◆ **SUPPLIED RECORDS**
---------------

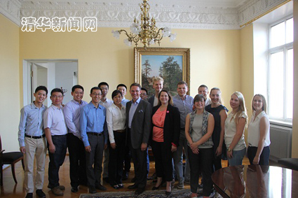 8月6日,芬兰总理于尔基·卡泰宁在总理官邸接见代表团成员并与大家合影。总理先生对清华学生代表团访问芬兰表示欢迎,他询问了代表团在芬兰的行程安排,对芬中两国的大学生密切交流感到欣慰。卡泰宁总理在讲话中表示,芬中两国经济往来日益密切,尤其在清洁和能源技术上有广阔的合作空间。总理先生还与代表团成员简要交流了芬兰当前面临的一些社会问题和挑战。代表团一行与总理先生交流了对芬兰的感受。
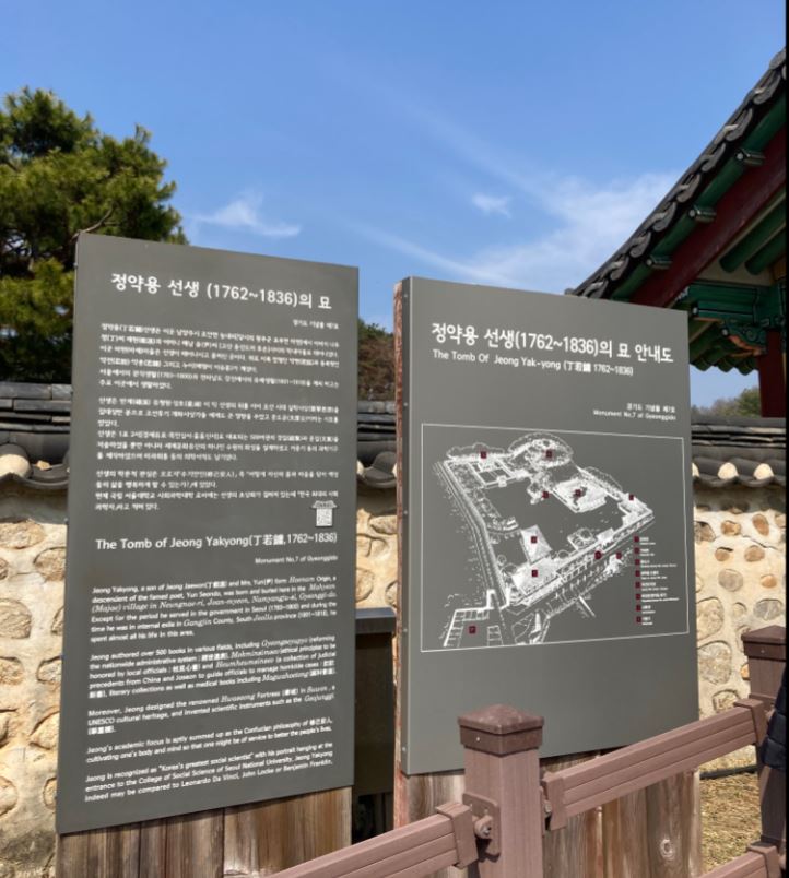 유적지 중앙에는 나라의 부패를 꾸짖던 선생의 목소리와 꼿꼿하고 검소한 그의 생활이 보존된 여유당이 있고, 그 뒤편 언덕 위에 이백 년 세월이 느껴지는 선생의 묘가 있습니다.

---------------

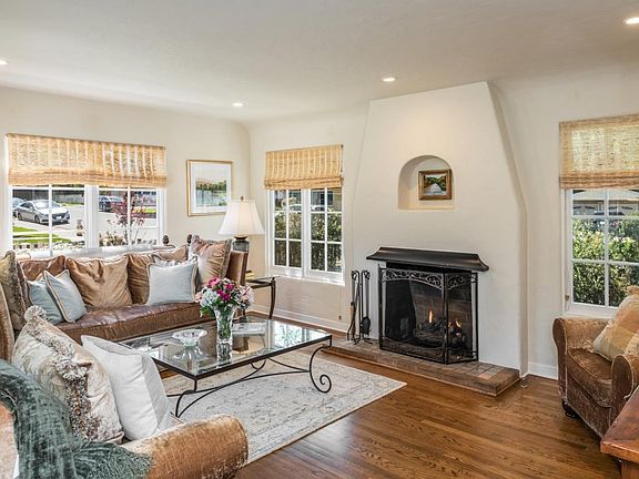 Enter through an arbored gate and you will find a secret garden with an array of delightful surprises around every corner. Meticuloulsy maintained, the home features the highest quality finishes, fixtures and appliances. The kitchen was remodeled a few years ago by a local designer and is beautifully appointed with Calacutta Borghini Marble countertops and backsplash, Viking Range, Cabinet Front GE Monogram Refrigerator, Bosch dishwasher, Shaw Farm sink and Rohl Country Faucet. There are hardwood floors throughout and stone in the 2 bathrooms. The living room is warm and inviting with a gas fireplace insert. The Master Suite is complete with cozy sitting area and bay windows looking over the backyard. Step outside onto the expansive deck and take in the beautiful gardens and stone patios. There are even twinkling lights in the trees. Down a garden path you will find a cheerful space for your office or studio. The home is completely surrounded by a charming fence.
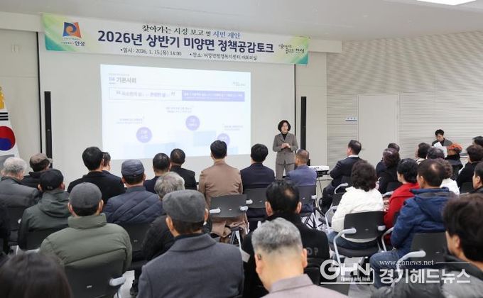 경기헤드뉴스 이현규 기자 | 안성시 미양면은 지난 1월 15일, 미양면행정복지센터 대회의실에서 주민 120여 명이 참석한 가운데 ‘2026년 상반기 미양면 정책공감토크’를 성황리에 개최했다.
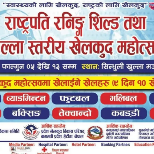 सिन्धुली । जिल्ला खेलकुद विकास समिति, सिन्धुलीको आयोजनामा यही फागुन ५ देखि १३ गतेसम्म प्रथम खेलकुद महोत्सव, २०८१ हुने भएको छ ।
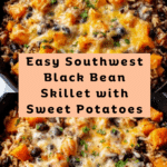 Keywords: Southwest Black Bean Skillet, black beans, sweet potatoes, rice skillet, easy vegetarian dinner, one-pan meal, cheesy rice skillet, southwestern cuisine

---------------

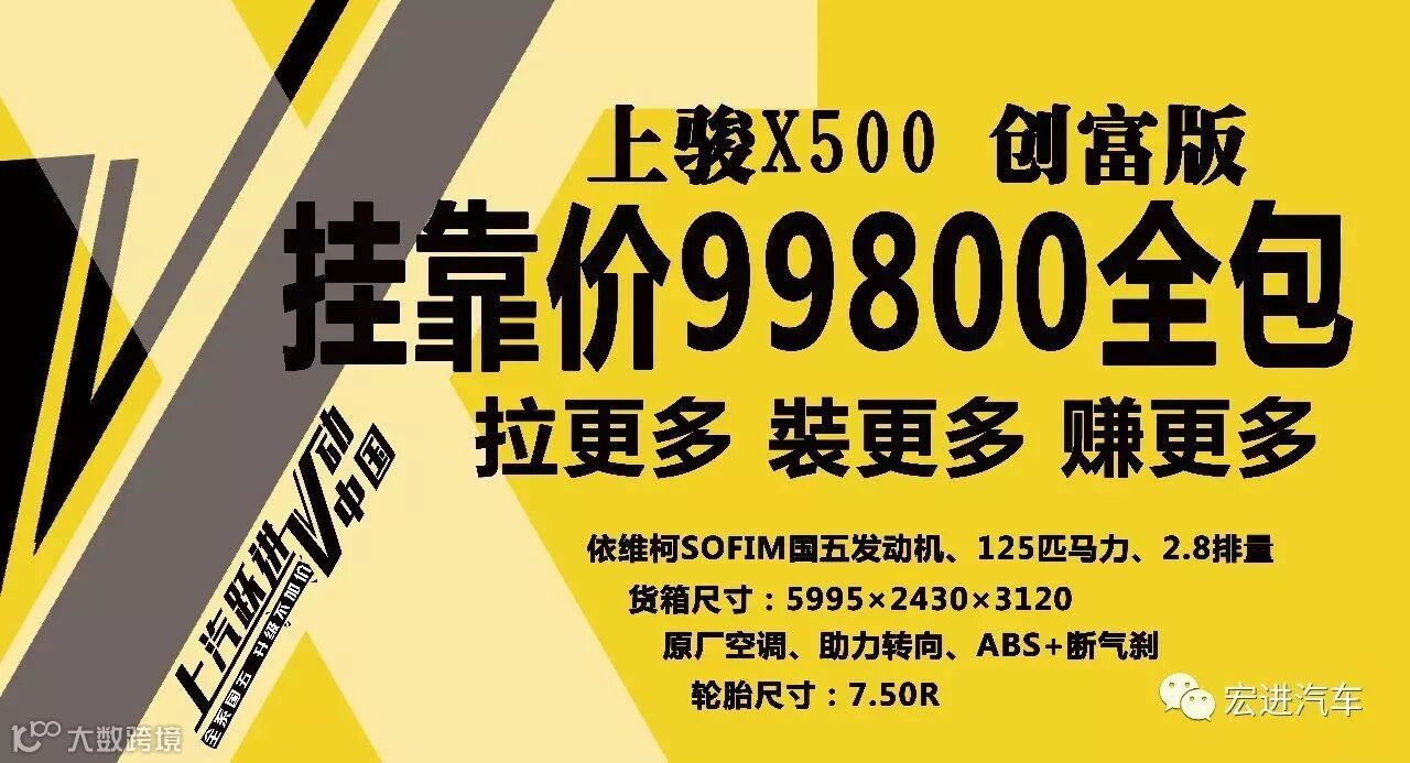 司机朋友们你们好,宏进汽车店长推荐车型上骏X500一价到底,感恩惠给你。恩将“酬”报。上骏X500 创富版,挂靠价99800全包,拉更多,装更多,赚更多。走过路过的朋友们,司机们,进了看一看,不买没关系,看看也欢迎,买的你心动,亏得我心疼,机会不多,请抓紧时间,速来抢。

---------------

Output exactly, and only, the lines of the entries above from the one with "8月6日,芬兰总理于尔基·卡" up to and including the one with "유적지 중앙에는 나라의"; pictures are to be left out.

 8月6日,芬兰总理于尔基·卡泰宁在总理官邸接见代表团成员并与大家合影。总理先生对清华学生代表团访问芬兰表示欢迎,他询问了代表团在芬兰的行程安排,对芬中两国的大学生密切交流感到欣慰。卡泰宁总理在讲话中表示,芬中两国经济往来日益密切,尤其在清洁和能源技术上有广阔的合作空间。总理先生还与代表团成员简要交流了芬兰当前面临的一些社会问题和挑战。代表团一行与总理先生交流了对芬兰的感受。
 유적지 중앙에는 나라의 부패를 꾸짖던 선생의 목소리와 꼿꼿하고 검소한 그의 생활이 보존된 여유당이 있고, 그 뒤편 언덕 위에 이백 년 세월이 느껴지는 선생의 묘가 있습니다.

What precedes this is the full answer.